## WHAT IS REQUIRED
Transcribe, leaving out every picture, the lines that run from the start of the listing below through the line with "最后,经济贸易学院党委副书记".

## RECORDS TO PROCESS
[Start of section]

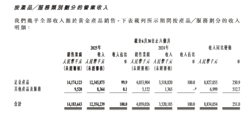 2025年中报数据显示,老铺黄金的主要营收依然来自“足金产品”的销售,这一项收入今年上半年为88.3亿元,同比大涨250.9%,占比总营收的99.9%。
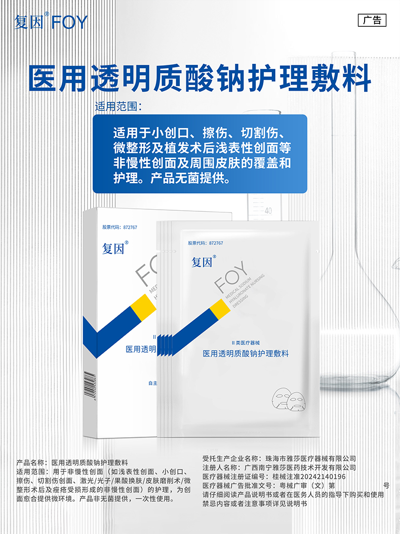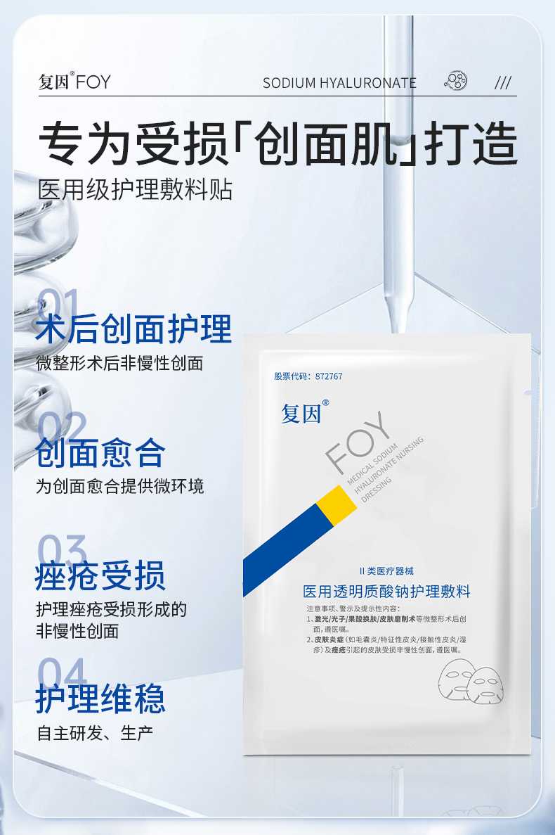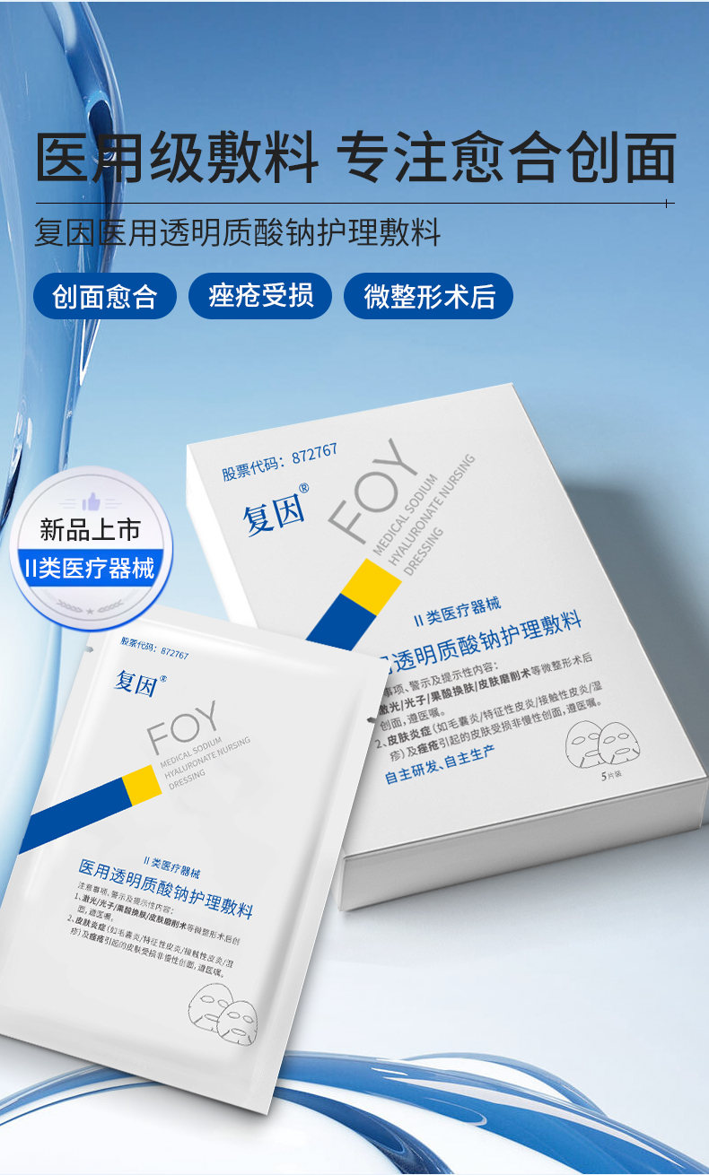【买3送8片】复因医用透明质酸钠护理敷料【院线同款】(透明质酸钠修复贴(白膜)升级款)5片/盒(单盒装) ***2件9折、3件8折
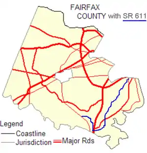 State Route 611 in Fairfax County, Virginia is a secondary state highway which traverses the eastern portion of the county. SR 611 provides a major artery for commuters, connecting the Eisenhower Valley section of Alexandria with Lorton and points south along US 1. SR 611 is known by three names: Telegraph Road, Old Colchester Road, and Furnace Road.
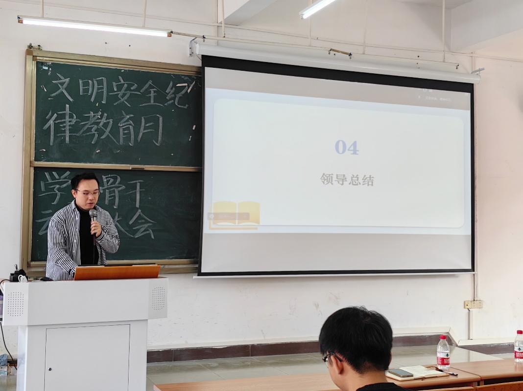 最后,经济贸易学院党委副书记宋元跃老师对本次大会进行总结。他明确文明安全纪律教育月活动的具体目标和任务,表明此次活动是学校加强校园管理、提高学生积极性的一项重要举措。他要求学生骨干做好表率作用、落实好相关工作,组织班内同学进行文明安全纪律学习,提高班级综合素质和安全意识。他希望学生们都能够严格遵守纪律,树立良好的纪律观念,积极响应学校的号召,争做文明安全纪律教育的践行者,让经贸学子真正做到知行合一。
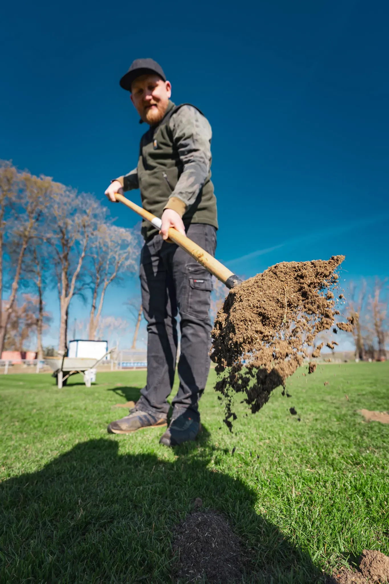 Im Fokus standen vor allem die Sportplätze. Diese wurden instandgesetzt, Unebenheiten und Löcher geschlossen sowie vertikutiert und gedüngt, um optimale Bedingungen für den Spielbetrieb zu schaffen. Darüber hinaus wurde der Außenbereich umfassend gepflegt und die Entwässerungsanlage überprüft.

[End of section]

## REPLY TO THE EXERCISE
 2025年中报数据显示,老铺黄金的主要营收依然来自“足金产品”的销售,这一项收入今年上半年为88.3亿元,同比大涨250.9%,占比总营收的99.9%。
【买3送8片】复因医用透明质酸钠护理敷料【院线同款】(透明质酸钠修复贴(白膜)升级款)5片/盒(单盒装) ***2件9折、3件8折
 State Route 611 in Fairfax County, Virginia is a secondary state highway which traverses the eastern portion of the county. SR 611 provides a major artery for commuters, connecting the Eisenhower Valley section of Alexandria with Lorton and points south along US 1. SR 611 is known by three names: Telegraph Road, Old Colchester Road, and Furnace Road.
 最后,经济贸易学院党委副书记宋元跃老师对本次大会进行总结。他明确文明安全纪律教育月活动的具体目标和任务,表明此次活动是学校加强校园管理、提高学生积极性的一项重要举措。他要求学生骨干做好表率作用、落实好相关工作,组织班内同学进行文明安全纪律学习,提高班级综合素质和安全意识。他希望学生们都能够严格遵守纪律,树立良好的纪律观念,积极响应学校的号召,争做文明安全纪律教育的践行者,让经贸学子真正做到知行合一。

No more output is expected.